## [About this exercise]
Leave the images aside and output every entry exactly.

## [Items listed in a dataset]
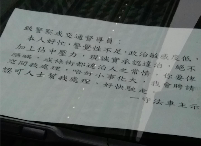 It reads: “Dear officer, I’m very busy, insufficiently aware, have low political sensitivity, pressured by Occupy Central, I admit to illegal parking, the whole street’s filled with illegally parked cars, give me space to sort it out and I will drive off.”
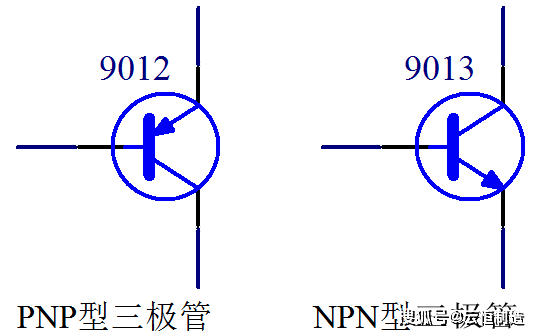 NPN和PNP型三极管功能相同,但极性完全相反,就像电源的正负极:
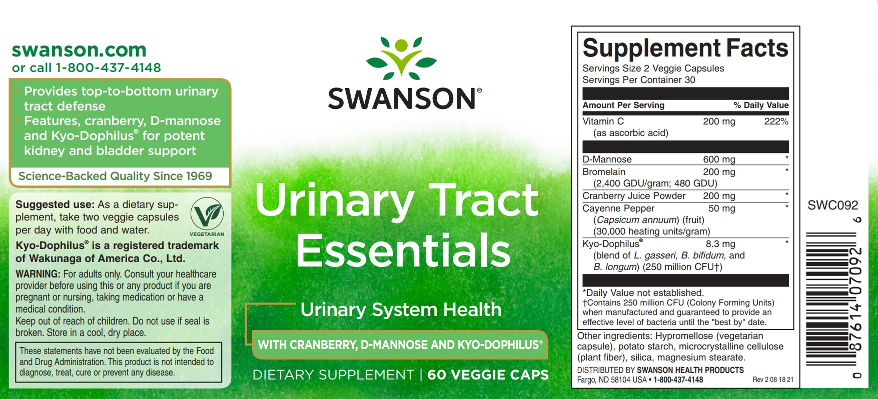 Vitamín C • D-manóza • Bromelaín (2 400 GDU/gram; 480 GDU) • Brusnicová šťava v prášku • Kajenské korenie (40 000 vykurovacích jednotiek) • Kyo-Dophilus® (zmes L. gasseri, B. bifidum a B. longum) • Hypromelóza (rastlinná kapsula) • zemiakový škrob • mikrokryštalická celulóza (rastlinná vláknina) • oxid kremičitý • ryžový extrakt
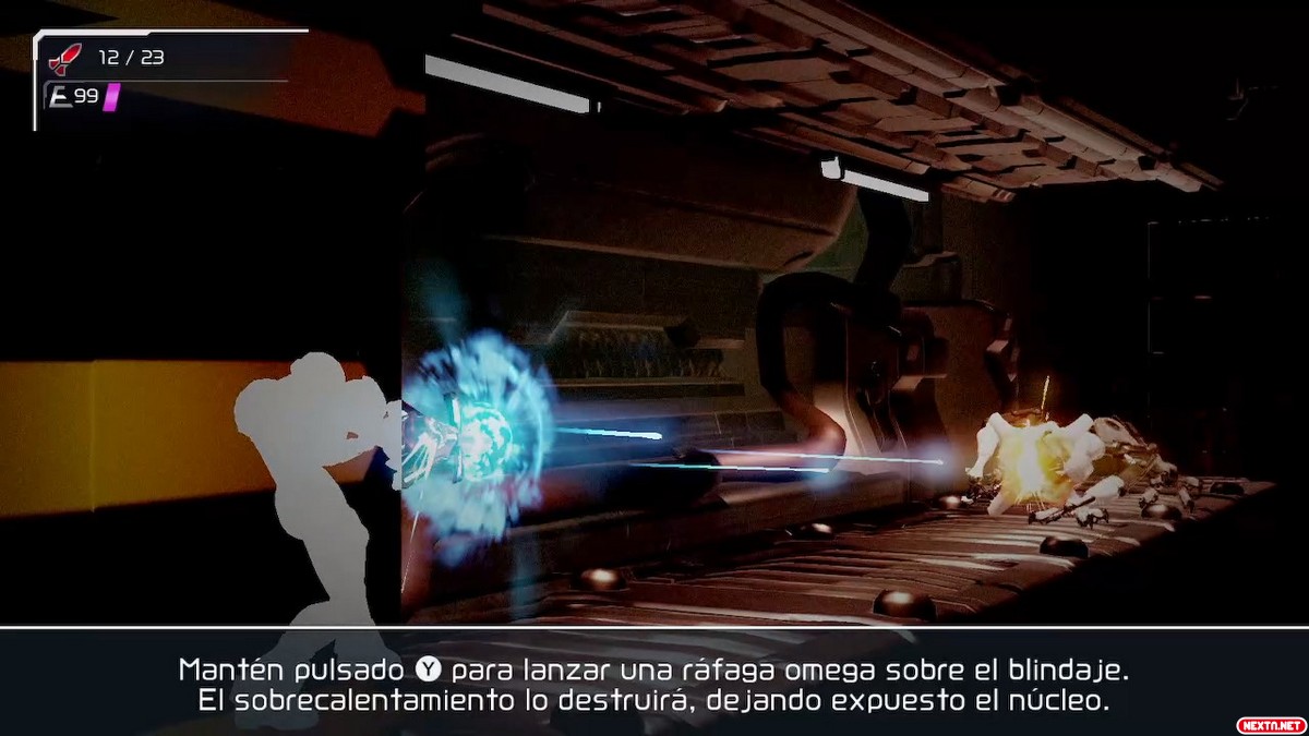Para mí, sería imposible sobrevivir en ZDR sin la energía Omega. Es la única forma de destruir a los E.M.M.I.. La consigo tras derrotar al vigilante de la unidad central que gestiona la zona E.M.M.I. Con ella, puedo lanzar rayos Omega, que destruyen el blindaje de los robots, y acumular energía para lanzar el cañón Omega tras destruir su blindaje, haciendo que sucumban ante mi poder. Cada E.M.M.I. derrotado es una inyección fundamental de poder para mí. Sin embargo, la energía Omega es limitada, y se agota por completo cada vez que destruyo a uno de esos malditos robots. Estoy obligada a asaltar todas las unidades centrales si quiero derrotarlos a todos, y no es tan fácil. Sobre todo si tenemos en cuenta que en ZDR también hay… Vaya, lo siento, NextN, debo cortar las comunicaciones por el momento. Os devuelvo la conexión.
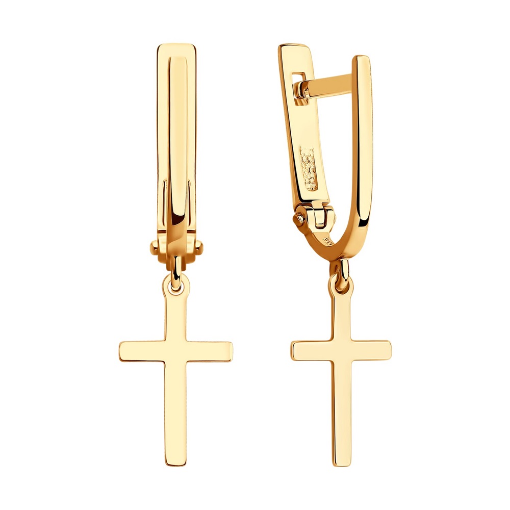 Серьги из красного золота 585 пробы с подвесками в виде декоративных крестиков без дополнительных вставок сделают женский облик более выразительным. Лаконичный, но стильный дизайн отлично впишется в современный образ, и подчеркнет индивидуальность владелицы. Тип замка - английский, комфортный и надежный в использовании. Приобретайте серьги по выгодным ценам в магазинах Мир Золота.
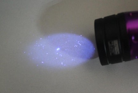 大多數(shù)的體液在高強度的紫外線作用下可以看到,是因為體液有自然熒光反射的特點。在復(fù)雜的刑偵現(xiàn)場,可以利用高強度的紫外線燈簡單及不復(fù)雜的使用方式尋找到有價值的痕跡。在高強度紫外線能量的激發(fā)下,這些體液的熒光反射是人的肉眼可以直接看到的。雖然,這種方式不能直接確認所找到的體液是哪一種,但是,通過使用高強度紫外線燈遠距離大面積的搜尋,可以直接幫助你確定在哪里有提取價值的痕跡物證,然后可以對 這些地方進行編號標出,從而為下一步的分析提供有價值的物證。
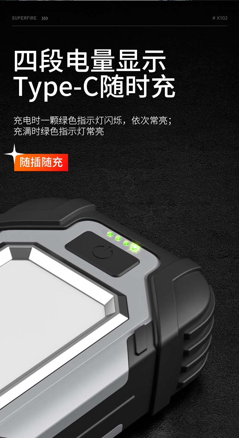 四档调光 Type-C充电 电量显示 铝合金筒身 持久续航 强力防水
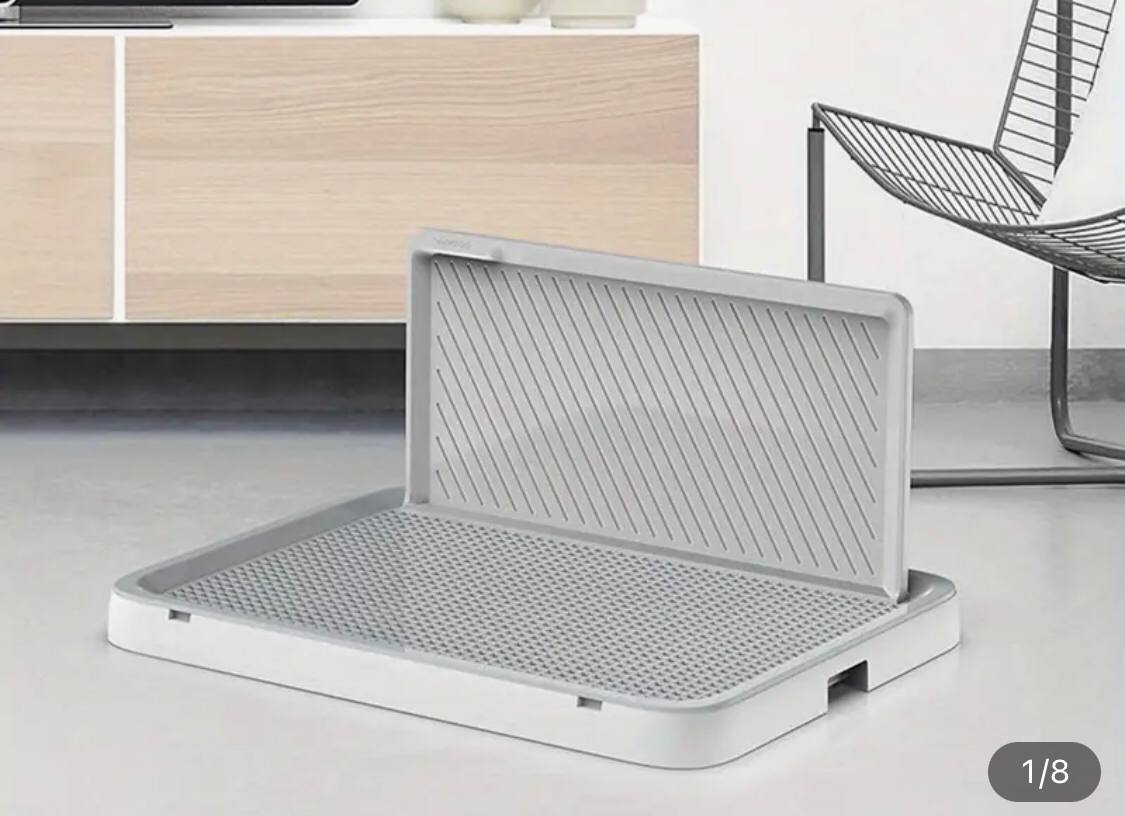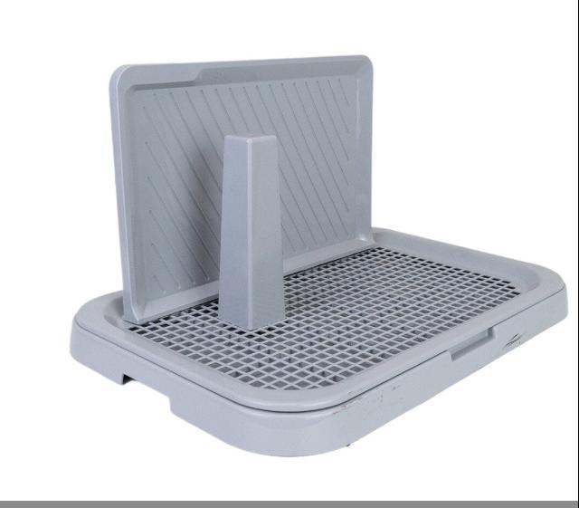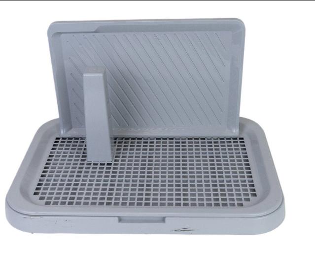 Практичний туалет для цуценят та собак дрібних порід. Його використання забезпечує охайність собаки, полегшуючи вам, тим самим роботу з підтримки порядку в приміщенні. Складається з лотка з високим бортиком та решітки з фіксатором, стовпчика та захисної стінки. Лоток виконаний з нетоксичного пластику, безпечний для тварин та людей
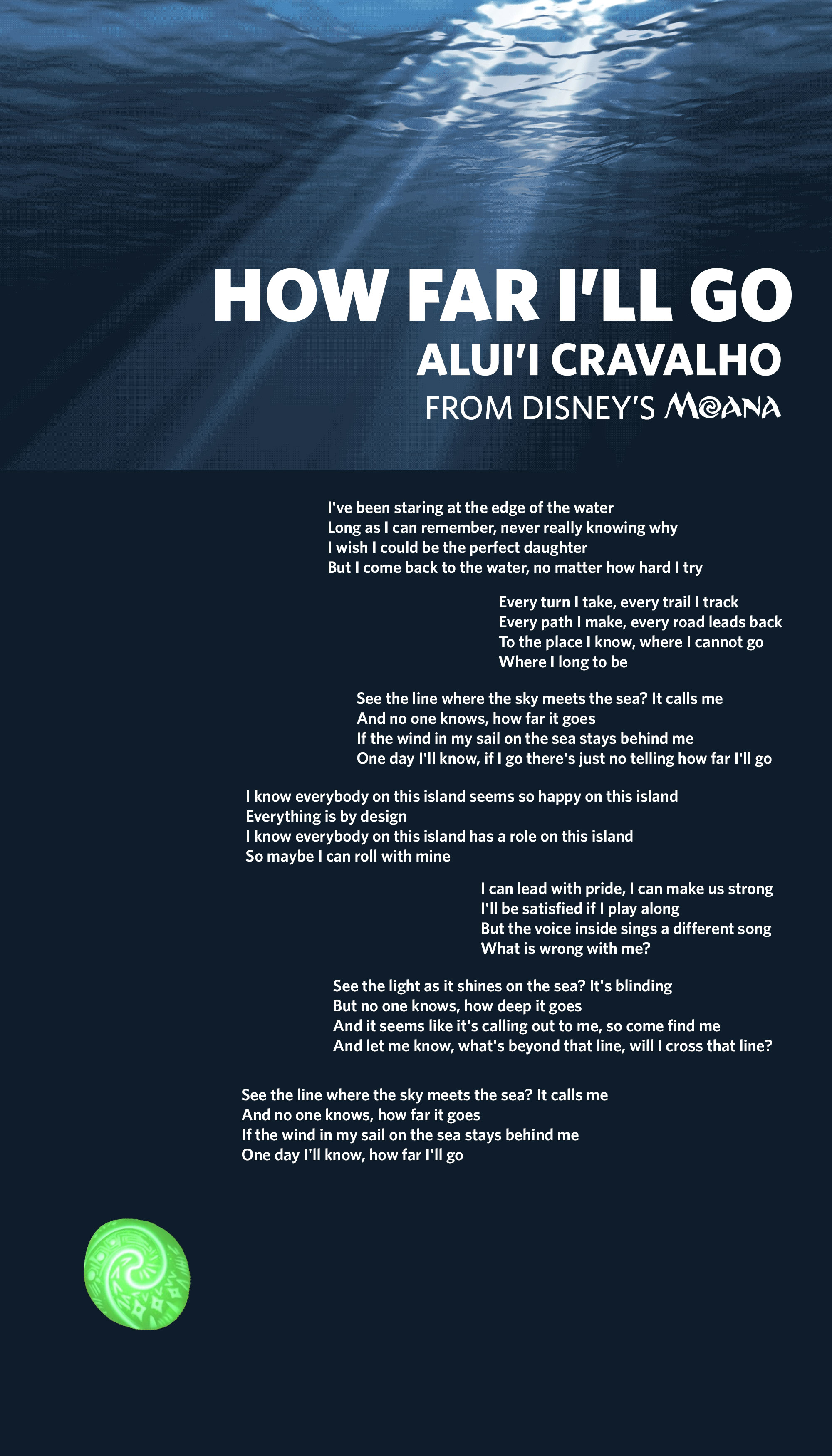 I met with Neema and Arianna to talk about my work, and decided that my background image was too low resolution, so I've switched it to a solid color. Arianna suggested using a gif of the ocean instead of a still picture, which I plan on doing. Neema suggested using a different font for the body, and I plan on using a sans from google fonts for that. She also suggested staggering the text, instead of making it a solid column. While I'm not sure that the iteration I have below is the most successful, that can be massaged more with html. Something I can't show in a jpg is my plan for the heart of tefiti (the green thing), which is that it will be a fixed object and "sink" as you scroll, as well as glow when hovered.
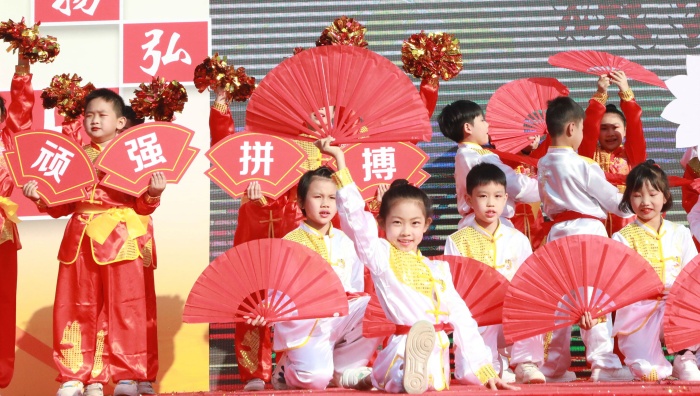 改革开放以来,中国运动员们靠顽强拼搏、奋勇争先的精神获得了多项世界冠军。三四年级的同学以中国运动健儿为榜样,向大家展示“顽强拼搏 奋勇争先”的体育精神。中国运动健儿们在各项比赛中夺取冠军、为国争光的前进脚步永不停歇,激烈着同学们不断前进。看,同学们挺拔的身姿,矫健的步伐,尽显勇往直前的风采!
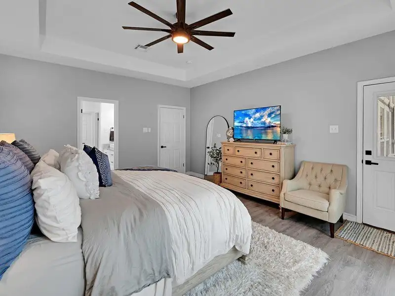 - Downstairs primary suite with private patio

## [Answer]
 It reads: “Dear officer, I’m very busy, insufficiently aware, have low political sensitivity, pressured by Occupy Central, I admit to illegal parking, the whole street’s filled with illegally parked cars, give me space to sort it out and I will drive off.”
 NPN和PNP型三极管功能相同,但极性完全相反,就像电源的正负极:
 Vitamín C • D-manóza • Bromelaín (2 400 GDU/gram; 480 GDU) • Brusnicová šťava v prášku • Kajenské korenie (40 000 vykurovacích jednotiek) • Kyo-Dophilus® (zmes L. gasseri, B. bifidum a B. longum) • Hypromelóza (rastlinná kapsula) • zemiakový škrob • mikrokryštalická celulóza (rastlinná vláknina) • oxid kremičitý • ryžový extrakt
Para mí, sería imposible sobrevivir en ZDR sin la energía Omega. Es la única forma de destruir a los E.M.M.I.. La consigo tras derrotar al vigilante de la unidad central que gestiona la zona E.M.M.I. Con ella, puedo lanzar rayos Omega, que destruyen el blindaje de los robots, y acumular energía para lanzar el cañón Omega tras destruir su blindaje, haciendo que sucumban ante mi poder. Cada E.M.M.I. derrotado es una inyección fundamental de poder para mí. Sin embargo, la energía Omega es limitada, y se agota por completo cada vez que destruyo a uno de esos malditos robots. Estoy obligada a asaltar todas las unidades centrales si quiero derrotarlos a todos, y no es tan fácil. Sobre todo si tenemos en cuenta que en ZDR también hay… Vaya, lo siento, NextN, debo cortar las comunicaciones por el momento. Os devuelvo la conexión.
 Серьги из красного золота 585 пробы с подвесками в виде декоративных крестиков без дополнительных вставок сделают женский облик более выразительным. Лаконичный, но стильный дизайн отлично впишется в современный образ, и подчеркнет индивидуальность владелицы. Тип замка - английский, комфортный и надежный в использовании. Приобретайте серьги по выгодным ценам в магазинах Мир Золота.
 大多數(shù)的體液在高強度的紫外線作用下可以看到,是因為體液有自然熒光反射的特點。在復(fù)雜的刑偵現(xiàn)場,可以利用高強度的紫外線燈簡單及不復(fù)雜的使用方式尋找到有價值的痕跡。在高強度紫外線能量的激發(fā)下,這些體液的熒光反射是人的肉眼可以直接看到的。雖然,這種方式不能直接確認所找到的體液是哪一種,但是,通過使用高強度紫外線燈遠距離大面積的搜尋,可以直接幫助你確定在哪里有提取價值的痕跡物證,然后可以對 這些地方進行編號標出,從而為下一步的分析提供有價值的物證。
 四档调光 Type-C充电 电量显示 铝合金筒身 持久续航 强力防水
 Практичний туалет для цуценят та собак дрібних порід. Його використання забезпечує охайність собаки, полегшуючи вам, тим самим роботу з підтримки порядку в приміщенні. Складається з лотка з високим бортиком та решітки з фіксатором, стовпчика та захисної стінки. Лоток виконаний з нетоксичного пластику, безпечний для тварин та людей
 I met with Neema and Arianna to talk about my work, and decided that my background image was too low resolution, so I've switched it to a solid color. Arianna suggested using a gif of the ocean instead of a still picture, which I plan on doing. Neema suggested using a different font for the body, and I plan on using a sans from google fonts for that. She also suggested staggering the text, instead of making it a solid column. While I'm not sure that the iteration I have below is the most successful, that can be massaged more with html. Something I can't show in a jpg is my plan for the heart of tefiti (the green thing), which is that it will be a fixed object and "sink" as you scroll, as well as glow when hovered.
 改革开放以来,中国运动员们靠顽强拼搏、奋勇争先的精神获得了多项世界冠军。三四年级的同学以中国运动健儿为榜样,向大家展示“顽强拼搏 奋勇争先”的体育精神。中国运动健儿们在各项比赛中夺取冠军、为国争光的前进脚步永不停歇,激烈着同学们不断前进。看,同学们挺拔的身姿,矫健的步伐,尽显勇往直前的风采!
 - Downstairs primary suite with private patio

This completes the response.